Example: I was walking to my Tux appointment with my son (I am the 'aware' one in this story BTW) and as we get out of the car, I hear shouting voices: one male and one female.  I look around and see a couple arguing near their car about four spaces to the left of my car.  My son, oblivious starts walking in a path that will take him within a few feet of them.

I tell him to stop and point out, discreetly the arguing people.  I tell him to give them some distance (which in haptics/body language is 'privacy' along with not staring) and we continue into the store on a different route.  Through the whole thing I didn't feel threatened, just in tune.  I was keeping tabs on the situation to make sure it didn't get abusive, but it didn't give me fits either.

I equote the awareness aspect of SD training as getting back to that basic, animal experience level of sensory life.  We can't gain the level of sensory intensity of wolves, deer, or other animals but we can attune ourselves to that level of experience.  It does improve the quality of daily life too because it makes any sensory experience more keen - sort of a natural high without the fear.


----------



## Samurai (Apr 30, 2004)

Good points made here by all.  
I would like to throw out a few random thoughts....
1.) We learn to DISCOUNT our natural feelings and senses to the point of not hearing them any more.

2.) A person is MOST vunerable in their comfort zone OR in a routine.  We need to teach people to WAKE UP at these points in their life.

3.) Awareness Training is boring to most people so it is glossed over at seminars and in martial arts classes.  I think this is the most important thing you can learn.

4.) Kids need to be taught to listein to their inner voice.  If something does not feel right...run or flee.  It does not matter how you look.

Sorry for the rumbling but I am pressed for time.
Jeremy Bays


----------



## Kembudo-Kai Kempoka (Apr 30, 2004)

Generally, agreed. The masses are asses, and unfortunately, we have no real predators left to cull the herd of the really dense ones, so they just go on breeding, and polluting the gene pool with more stupid people.  In nature, the predator strengthens the pack by giving it a common purpose. In humanity, the predators are ourselves, but we simply aren't good enough at self-predatory behavior to truly decrease the ecological liabilities posed by the obviously dense.

The only hope appears to be in the natural history of unchecked population explosions. Left to their own devices, they consume resources until resources are spent, then enter into a demise stage towards extinction.  Question is, when we reach that state, will there be any thinkers left to help rebuild sensibly, or will only the cognitively challenged remain to represent the race of man on earth?

Cynically despising the state of the species,

Dr. Dave


----------



## KenpoTex (May 1, 2004)

Good points y'all,



			
				Samurai said:
			
		

> I spent the day "thinking" like a criminal and was amazed at just how unaware and exposed most people are. I think if I acted on my thoughts I could have gotten away with large amounts of cash and not even gotten close to being caught.
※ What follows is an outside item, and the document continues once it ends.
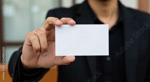 A close-up of a person holding a blank white business card at arm's length featuring a warm and inviting indoor setting the individual is wearing formal attire

I find myself doing this quite frequently.  I see people like the woman c2Kenpo mentioned who walk around with their heads stuck to their cell-phones totally oblivious to everything else around them.  Invariably, something to the effect of "gee, it's a good thing I'm not a criminal" flashes through my head.  Try this sometime, when you're at Wal-mart or the mall try to identify people that would make good targets, you might notice behavior that causes you to re-evaluate your level of awareness.  
  On the Awareness thing; like Loki said, "awareness isn't paranoia." You don't have to, and shouldn't, walk around in condition red all the time (if you try you will burn out or go nuts).  Just be alert, notice things like the dude loitering in the parking lot at 3 a.m., or the car that takes the same turns you do 3 times in a row at 1:30 in the morning.  Chances are it probably isn't anything to be concerned about, but on the other hand, if it does turn out to be a problem you already saw it coming so you are better prepared run or fight.


----------



## Phoenix44 (May 1, 2004)

Awareness IS taught in any decent self defense course.  "Martial Arts" is not self defense.


----------



## c2kenpo (May 1, 2004)

Everyone had a good post here.

Kenpotex and Loki, I think nailed it on the head. 
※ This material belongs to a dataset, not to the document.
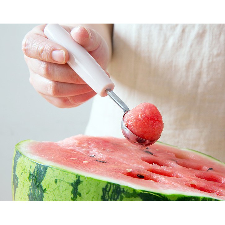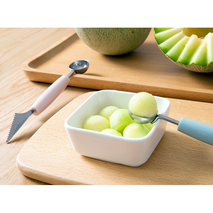 Muỗng hai đầu được thiết kế gồm 2 đầu, một đầu dùng để múc các loại quả mềm như dưa hấu, đu đủ, thanh long… một đầu để tỉa rau củ, hoa quả, cho bạn gái thể hiện sự khéo léo và cắt tỉa nhiều dĩa hoa quả bắt mắt cho cả gia đình.

Learning to "SEE" what is wrong or could go wrong is different than paranoia.
And you can develop good habits that really make the difference.
One of my habits is to directly look at everyone that is passing me right in the eyes and actually say "Hello! How are You?" this one shows that I am not afraid of Human Contact and also to a would be attacker adds the thought "Shoot he can describe me and he is alert which may not be as EASY."

The first thing to remember is that the criminal mind is not as sophisticated as you think. Talk to local law enforment and ask about "smart" criminals you will get a lot of funny stories of not so smart ones.
The bad guy want's the EASY path and if you look easy well that is where they go.

Another habit is to always let someone know WHERE you are and WHERE you are going and WHEN you will be there. LEO's when armed with time and place information of a missing person the success rate of finding that person is dramaticly increased! Teach this to your KIDS!!!
So many other habits to get into......but that is another thread... :uhyeah: 

Dave Gunzburg


----------



## rschoon (May 2, 2004)

c2kenpo said:
			
		

> Everyone had a good post here.
> 
> 
> The first thing to remember is that the criminal mind is not as sophisticated as you think. Talk to local law enforment and ask about "smart" criminals you will get a lot of funny stories of not so smart ones.
> ...





this is so true. I see a lot of these.  They could be the most dangerouse as well as "they" think they are smart.

teaching kids this is a must in this society today i think.
great to teach this habit.


----------



## 8253 (May 2, 2004)

Aint you a people too?


----------



## Kembudo-Kai Kempoka (May 3, 2004)

8253 said:
			
		

> Aint you a people too?


I am, most regrettably, a member of the human race. Would that I were a tree, rock, waterfall, whatever; as it stands, I am part of the problem. I am, however, making my own contributions to the solution.  Specifically, I have elected not to breed. My own life and genetics were twisted enough without adding to the problem by making more like me. Unfair to the would-be kid; the world; nature.

Regardie,

Dave


----------



## 8253 (May 4, 2004)

Kembudo-Kai Kempoka said:
			
		

> I am, most regrettably, a member of the human race. Would that I were a tree, rock, waterfall, whatever; as it stands, I am part of the problem. I am, however, making my own contributions to the solution.  Specifically, I have elected not to breed. My own life and genetics were twisted enough without adding to the problem by making more like me. Unfair to the would-be kid; the world; nature.
> 
> Regardie,
> 
> Dave



Hey, i resemble that


----------



## someguy (May 4, 2004)

Maybe then we should prune the genes of the human race.  I'm all for that as long as it doesn't hurt me or some one I love.  Sure why not.  What did you say I'm the end of a branch as I lack beuty.  Darn good bye.  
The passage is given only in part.